Monday, September 17, 2012

HKMA continues to squeeze the property market

The HKMA's latest round of measures intended to cool the property market by further restricting mortgage lending are unlikely to have much impact for the simple reason that so many properties are being purchased with cash and the impact of QE3 combined with China's monetary expansion means that there is plenty of very liquid buyers out there.

As with most of the previous measures, the two groups of people most affected as local owner-occupiers prevented from trading up because they can no longer get the financing and smaller investors who need mortgage financing to add to their portfolios.  In effect, what the HKMA is doing (when combined with other government measures) is reducing the competition the very wealthy face when buying properties.

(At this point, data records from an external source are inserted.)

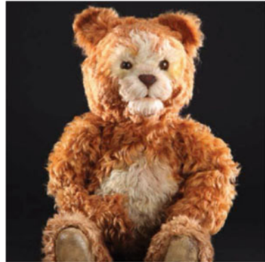
Fig. 1 Teddy

In the following two sections, ERA will be applied to both fictional and existing smart robot toys, to determine whether ERA can be applied to a broad range of technological features in smart robot toys.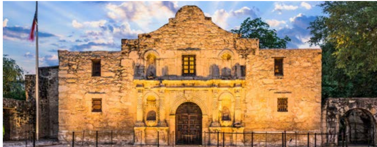
The Alamo in San Antonio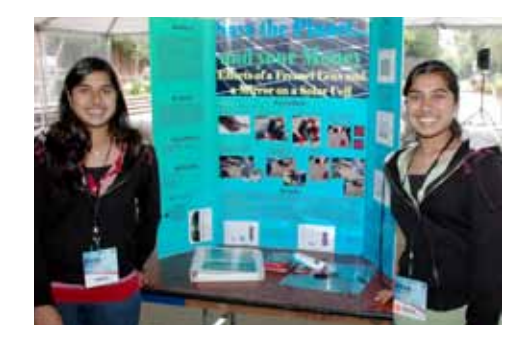
Students display their project at the science fair.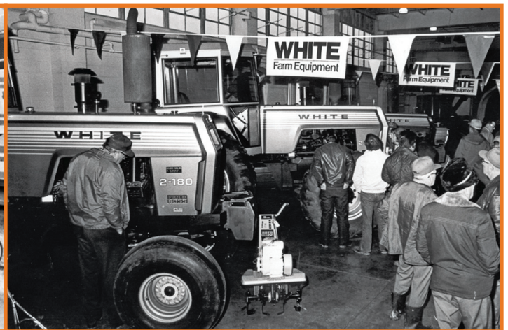
A picture of our open house.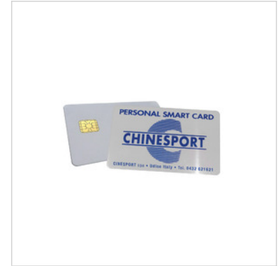
E0001 PERSONAL SMART CARD 10-pack to programme the patients' rehabilitation protocol, so as to facilitate and expedite the times of machine use.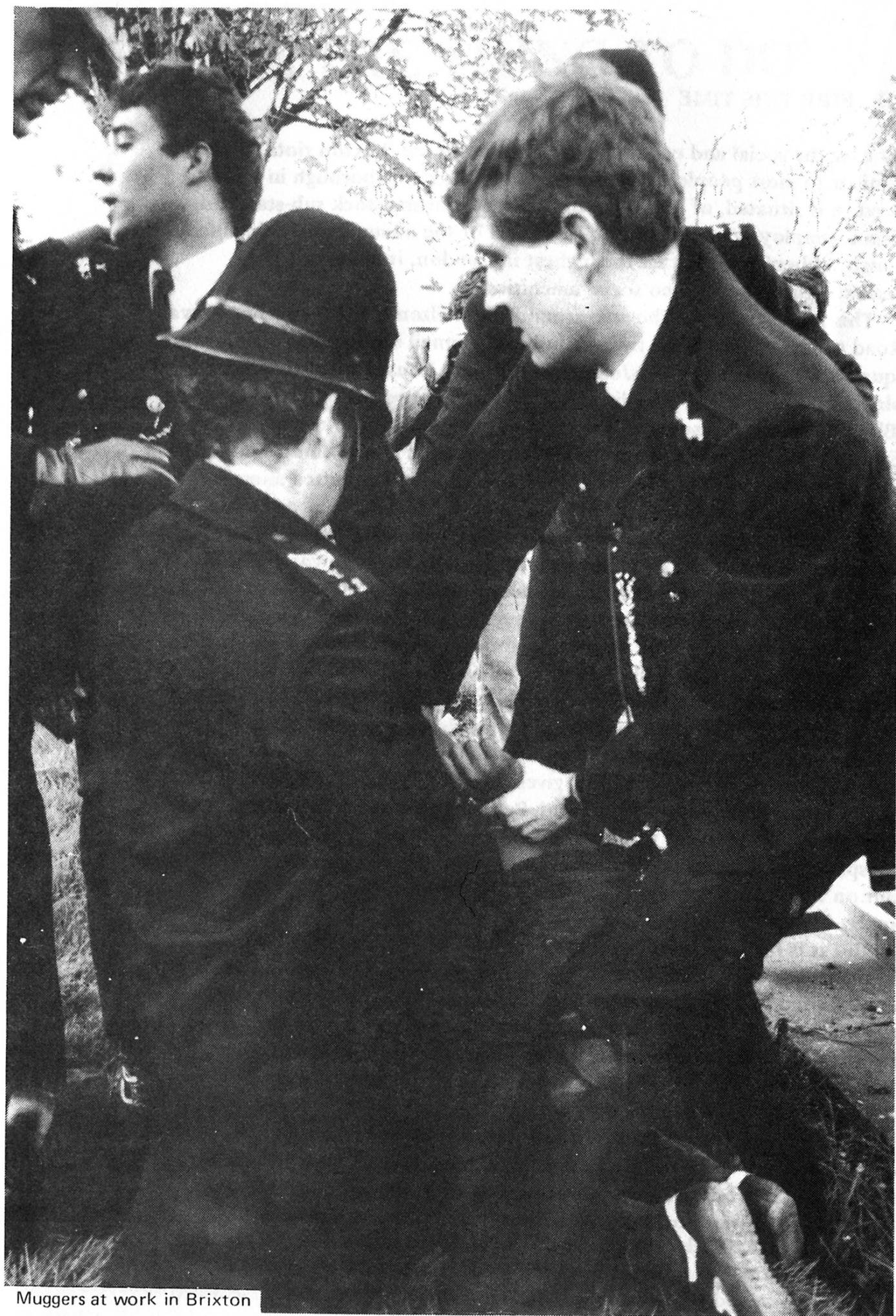
Muggers at work in Brixton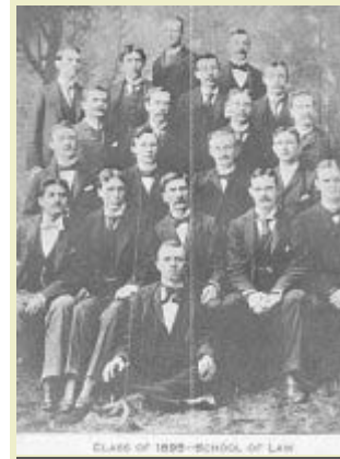
Class of 1895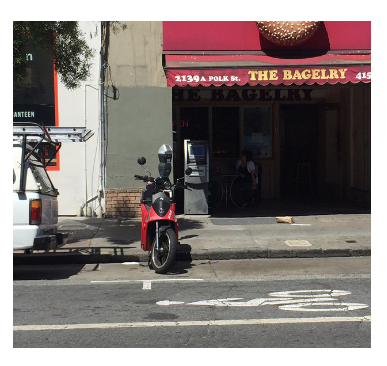
Electric moped parked at end of a full-size metered parallel stall

For Revel moped parking or operating issues, please contact Revel Operations at 347-922-5481 or <a href="mailto:opsmgmt.bayarea@gorevel.com">opsmgmt.bayarea@gorevel.com</a>.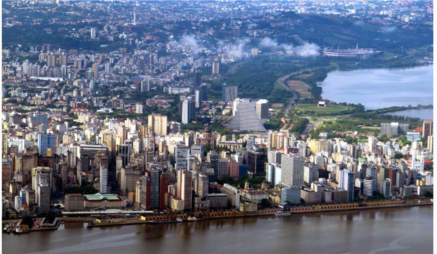
Porto Alegre, largest city in the region.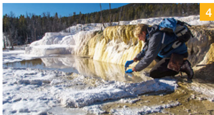
Microbes Dominate Deep Sandstone Formations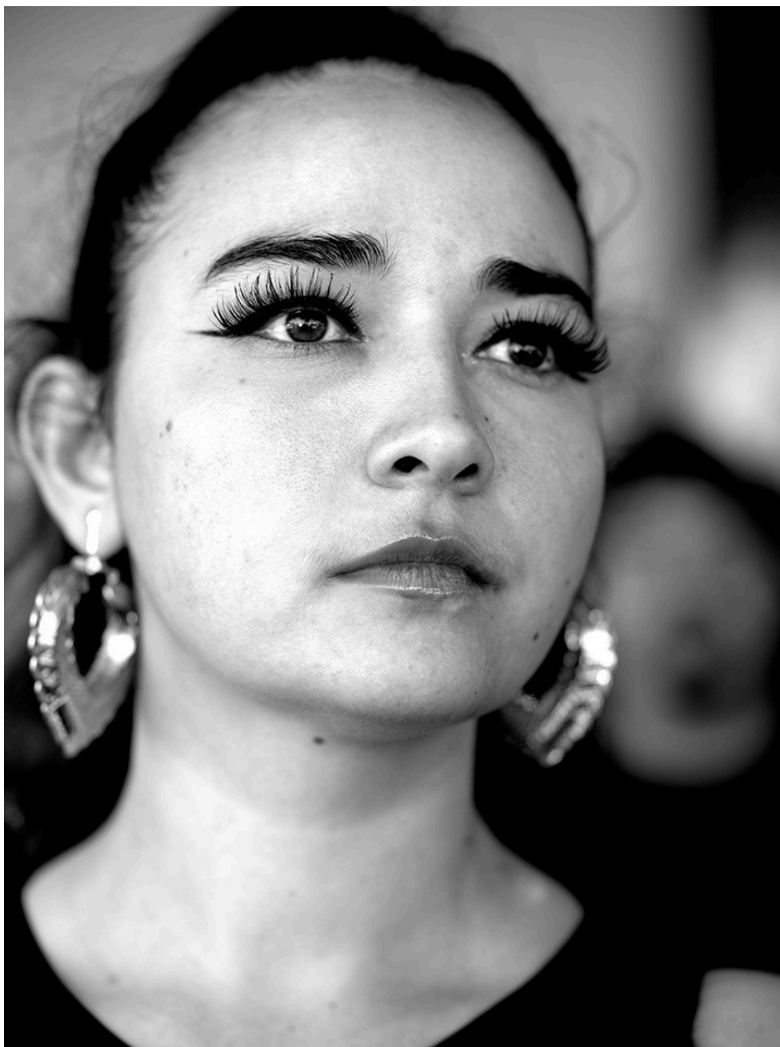
Portrait from DAWN/ECLIPSE OF A NEW ERA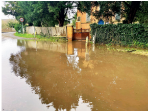
Sunday 3rd March - Welly wading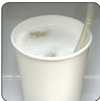
Wait 1 minute for the tablets to dissolve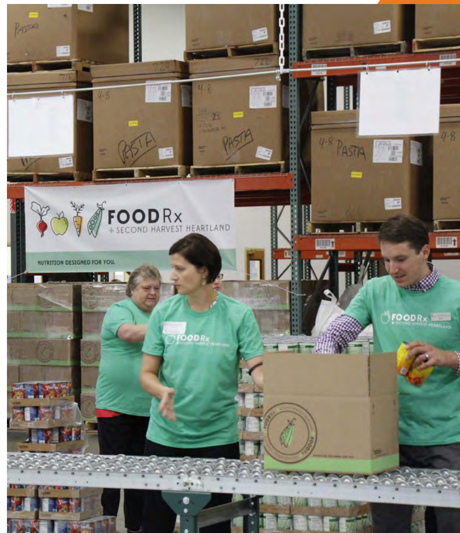
Volunteers pack CHRONIC NEEDS boxes at the launch of FOODRx. Boxes are delivered to Second Harvest partners for distribution to patients.

The George Family Foundation is pleased to be able to help Second Harvest Heartland continue this pilot project. In addition, we are grateful to the other funders who have joined us in this effort.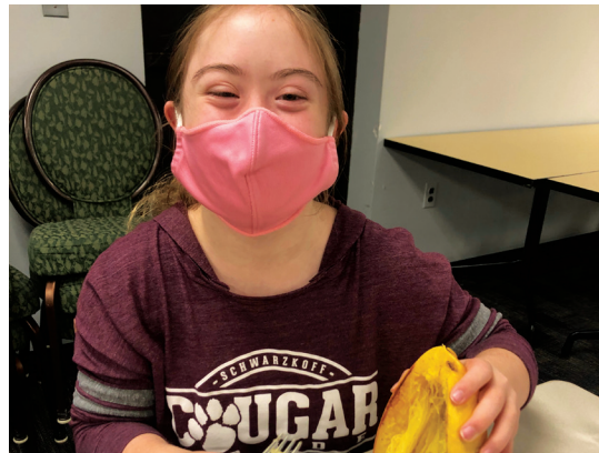
KOTG participant discovers cooking with squash

That's why, with $47,500 in grant support from The Children's Foundation, Big Green has partnered with The School at Marygrove to build a learning garden, farm and student-led farmer's market. The Learning Garden will implement edible education programming to over 300 students throughout the school day and during after-school programming. In addition, the farm will provide nutrition programming into Detroit's Livernois-McNichols neighborhood and impact the community's access to healthy, local food.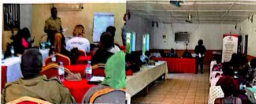
Dialogue in Busia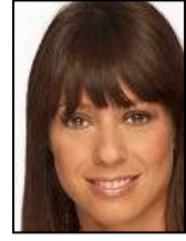
Gloria De Piero

Labour MP for Walthamstow Shadow Minister for the Home Office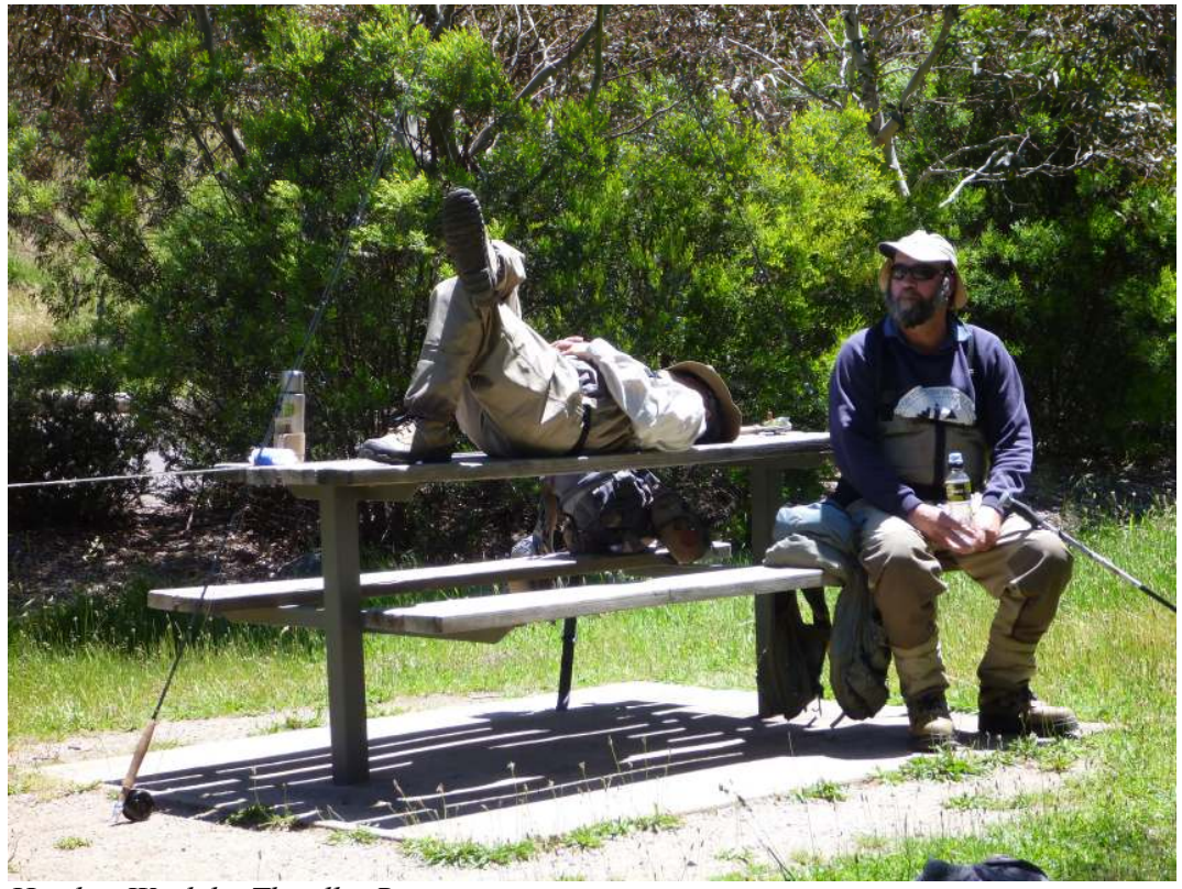
Hard at Work by Thredbo River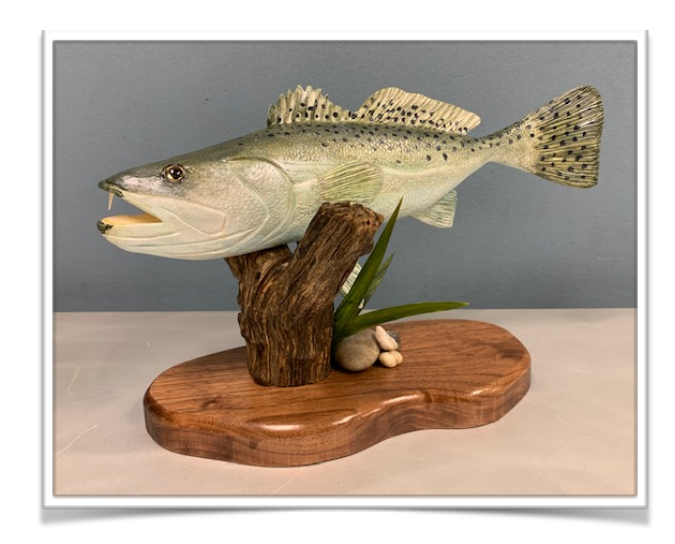
The Cutting Edge

Betty carved and handpainted a speckled trout for her grandson.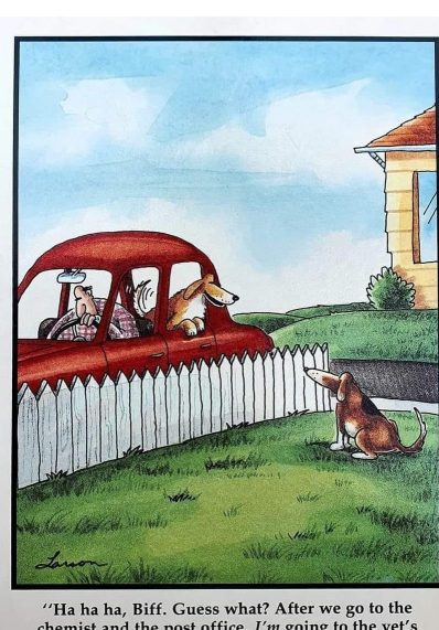
chemist and the post office, I'm going to the vet's to get tutored.''

While it would now be more difficult to get mortgage financing for any new investment properties, since I was not planning to buy again at current price levels, this does not affect me. What it does do is reinforce my decision not to make any early repayments on my existing mortgages.

2 comments:

yyh said...

Wow. LTV capped at 30% for property mortgage loans.

In Singapore, for 2nd mortgage and more, the LTV is capped at 60%.

Looks like people in HK really has alot of liquidity!

Anonymous said...

Hi

Thanks for the comment.

Yes - the government is fighting a losing battle trying to bring down prices because there is so much liquidity. You get ver close to zero on bank deposits.